For those of us who still think tablets are a less enjoyable reading experience than plain old glossy magazine paper, the good news is that the elves at Qualcomm have been busy turning their Mirasol color e-ink display into something more than perennial vaporware. Displays like this one are different from the backlit LCD panels on tablets in that they are reflective and require an external light source to be viewable. Ultimately, it's this sort of display that will give us true replacements for printed material.

The Mirasol display, which uses tiny mirrors to refract light in a way that is reminiscent of irridescent butterfly wings, has apparently been especially hard to manufacture, because it's taken more than four years to ramp production volume to the point that this display could be sold to consumers. The result are devices (still only available in Asia) with 5.3 inch, 800-480 pixel screens. That means a display density of 223 pixels-per-inch, which is twice the resolution of an iPad but falls short of the resolution in Apple's Retina display. Mirasol has a high enough refresh rate to allow web navigation and video playback, albeit with some flicker.

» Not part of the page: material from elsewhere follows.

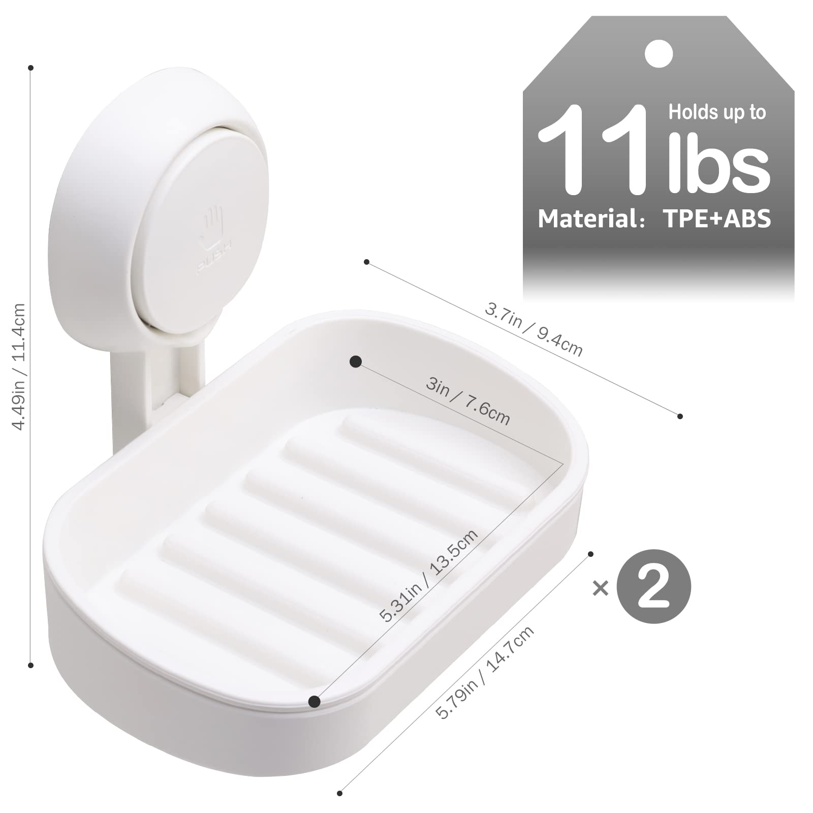 LEVERLOC Soap Holder Suction Cup for Shower, 2 Pack Bar Soap Dish Holder for Shower Wall Mounted NO-Drilling, Plastic Self Draining Removable Vacuum Suction for Bathroom Bathtub Sink

Mirasol's primary competition is E-ink's Triton display, which uses the same technology found in the black and white displays that Kindle made famous, but overlays them with a color filter.

The folks at Good E Reader did a side-by-side comparison of the two technologies, and its seems clear that Mirasol is the superior (but also more expensive) option.


Mirasol remains washed-out in comparison to the best that ink-on-paper has to offer, and there's something to be said for the stained-glass effect that's achieved when displaying video and photographs on a backlit surface. That said, if you're wondering what magazines and books will be delivered on when e-readers have achieved mass-market penetration and paper is relegated to luxury publications like Monocle, it's likely it will be something like this.

"Get a Computer" by Toothpaste for Dinner

It's Coming: A True Replacement for Paper

Whether or not NoteSlate ever produces a real product, no barriers remain to a competitor building a tablet purpose-built for sketching and note-taking.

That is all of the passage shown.